* [What to do] An exact, complete printout of the listing is wanted, minus its images.

* [Data to process]
== Segment start ==

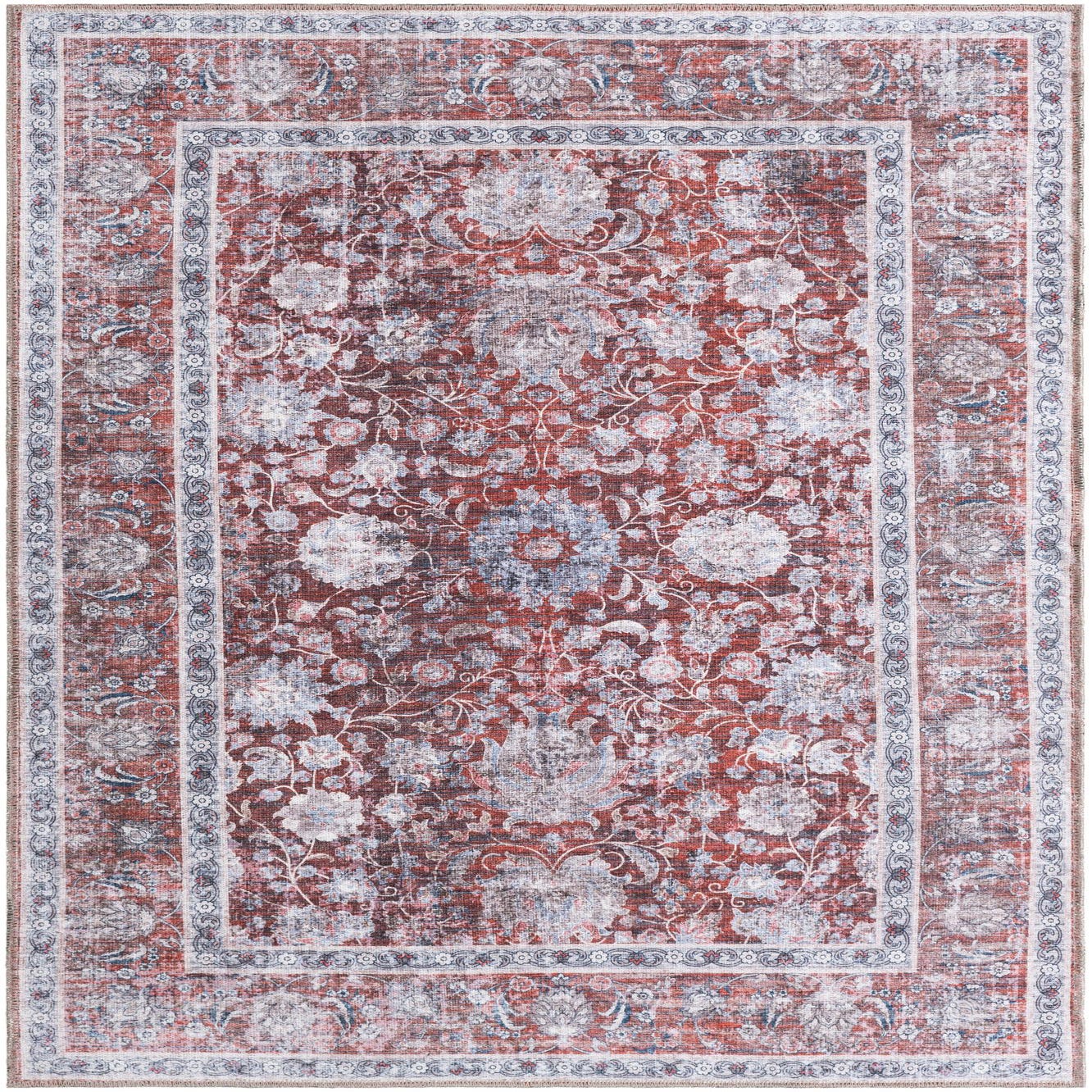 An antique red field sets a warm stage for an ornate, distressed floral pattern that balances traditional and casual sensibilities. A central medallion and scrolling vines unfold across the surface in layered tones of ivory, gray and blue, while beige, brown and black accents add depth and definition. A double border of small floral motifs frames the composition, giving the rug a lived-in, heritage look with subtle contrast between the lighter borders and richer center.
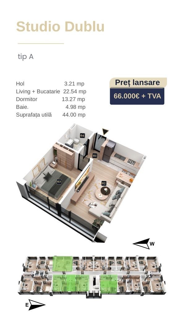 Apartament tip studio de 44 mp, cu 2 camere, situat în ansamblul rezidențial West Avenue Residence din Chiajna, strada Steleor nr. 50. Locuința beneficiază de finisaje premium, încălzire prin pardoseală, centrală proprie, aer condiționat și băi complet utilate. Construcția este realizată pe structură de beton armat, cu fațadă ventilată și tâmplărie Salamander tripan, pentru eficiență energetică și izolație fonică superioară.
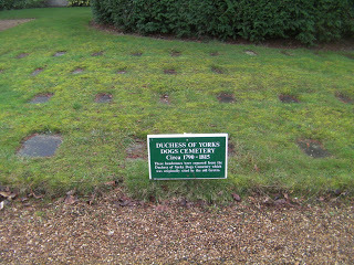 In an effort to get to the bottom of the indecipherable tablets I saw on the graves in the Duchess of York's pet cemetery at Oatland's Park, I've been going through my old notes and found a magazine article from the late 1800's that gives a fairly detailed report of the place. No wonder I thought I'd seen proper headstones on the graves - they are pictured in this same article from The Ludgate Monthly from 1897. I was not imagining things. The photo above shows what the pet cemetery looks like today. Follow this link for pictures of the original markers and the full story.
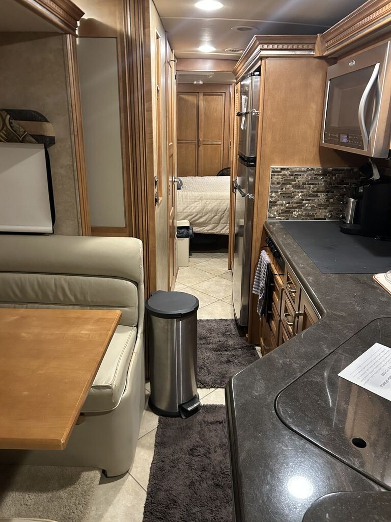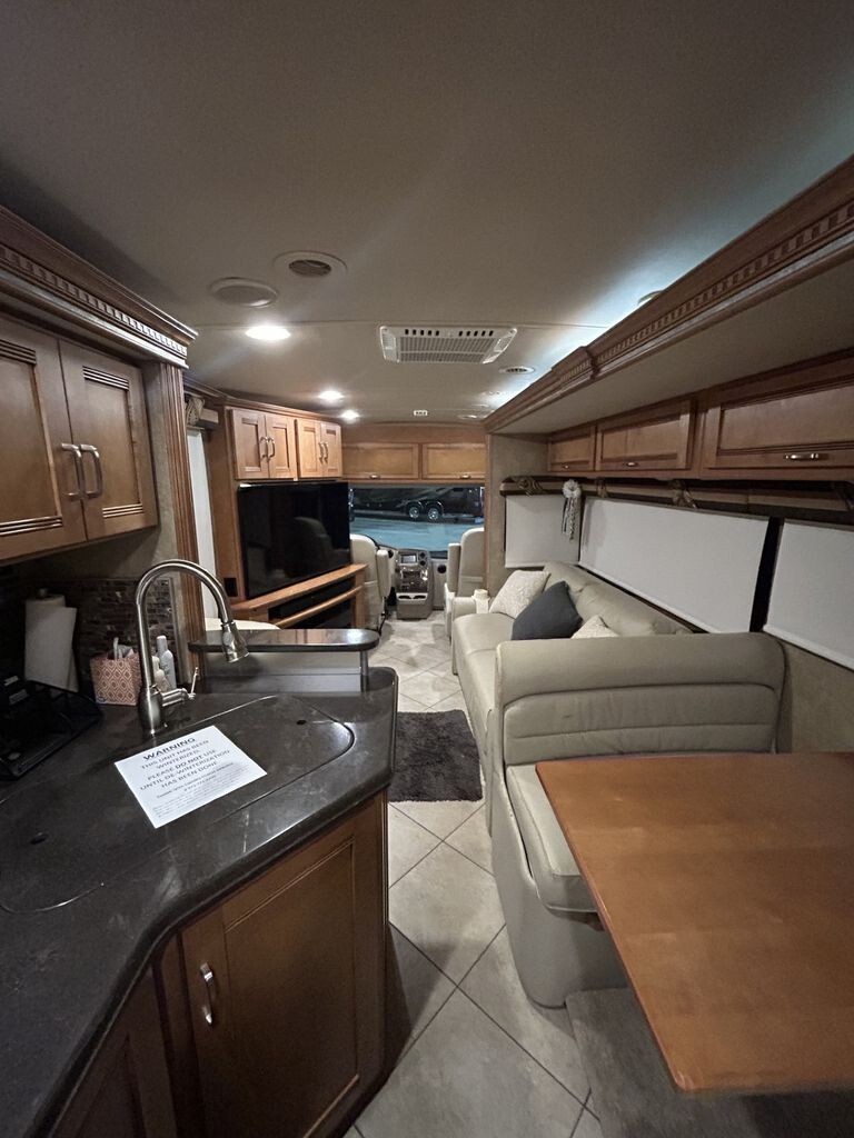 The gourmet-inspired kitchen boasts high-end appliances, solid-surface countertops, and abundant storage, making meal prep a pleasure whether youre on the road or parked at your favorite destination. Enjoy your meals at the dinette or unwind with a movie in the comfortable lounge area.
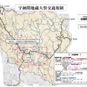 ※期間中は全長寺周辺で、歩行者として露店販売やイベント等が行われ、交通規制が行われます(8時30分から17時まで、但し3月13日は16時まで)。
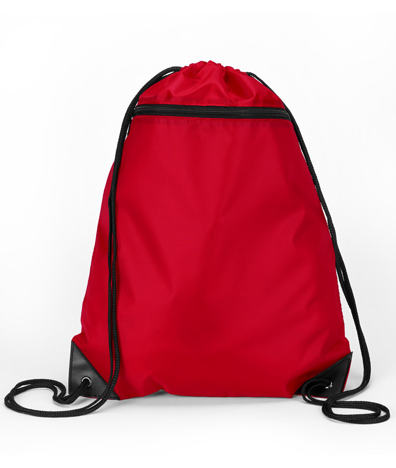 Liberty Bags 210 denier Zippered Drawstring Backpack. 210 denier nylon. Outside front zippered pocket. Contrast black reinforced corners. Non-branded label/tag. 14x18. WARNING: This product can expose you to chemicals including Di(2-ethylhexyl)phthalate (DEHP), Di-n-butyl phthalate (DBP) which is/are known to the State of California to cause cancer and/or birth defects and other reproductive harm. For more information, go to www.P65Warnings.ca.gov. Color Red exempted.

== Segment end ==

* [Solution to the problem]
 An antique red field sets a warm stage for an ornate, distressed floral pattern that balances traditional and casual sensibilities. A central medallion and scrolling vines unfold across the surface in layered tones of ivory, gray and blue, while beige, brown and black accents add depth and definition. A double border of small floral motifs frames the composition, giving the rug a lived-in, heritage look with subtle contrast between the lighter borders and richer center.
 Apartament tip studio de 44 mp, cu 2 camere, situat în ansamblul rezidențial West Avenue Residence din Chiajna, strada Steleor nr. 50. Locuința beneficiază de finisaje premium, încălzire prin pardoseală, centrală proprie, aer condiționat și băi complet utilate. Construcția este realizată pe structură de beton armat, cu fațadă ventilată și tâmplărie Salamander tripan, pentru eficiență energetică și izolație fonică superioară.
 In an effort to get to the bottom of the indecipherable tablets I saw on the graves in the Duchess of York's pet cemetery at Oatland's Park, I've been going through my old notes and found a magazine article from the late 1800's that gives a fairly detailed report of the place. No wonder I thought I'd seen proper headstones on the graves - they are pictured in this same article from The Ludgate Monthly from 1897. I was not imagining things. The photo above shows what the pet cemetery looks like today. Follow this link for pictures of the original markers and the full story.
 The gourmet-inspired kitchen boasts high-end appliances, solid-surface countertops, and abundant storage, making meal prep a pleasure whether youre on the road or parked at your favorite destination. Enjoy your meals at the dinette or unwind with a movie in the comfortable lounge area.
 ※期間中は全長寺周辺で、歩行者として露店販売やイベント等が行われ、交通規制が行われます(8時30分から17時まで、但し3月13日は16時まで)。
 Liberty Bags 210 denier Zippered Drawstring Backpack. 210 denier nylon. Outside front zippered pocket. Contrast black reinforced corners. Non-branded label/tag. 14x18. WARNING: This product can expose you to chemicals including Di(2-ethylhexyl)phthalate (DEHP), Di-n-butyl phthalate (DBP) which is/are known to the State of California to cause cancer and/or birth defects and other reproductive harm. For more information, go to www.P65Warnings.ca.gov. Color Red exempted.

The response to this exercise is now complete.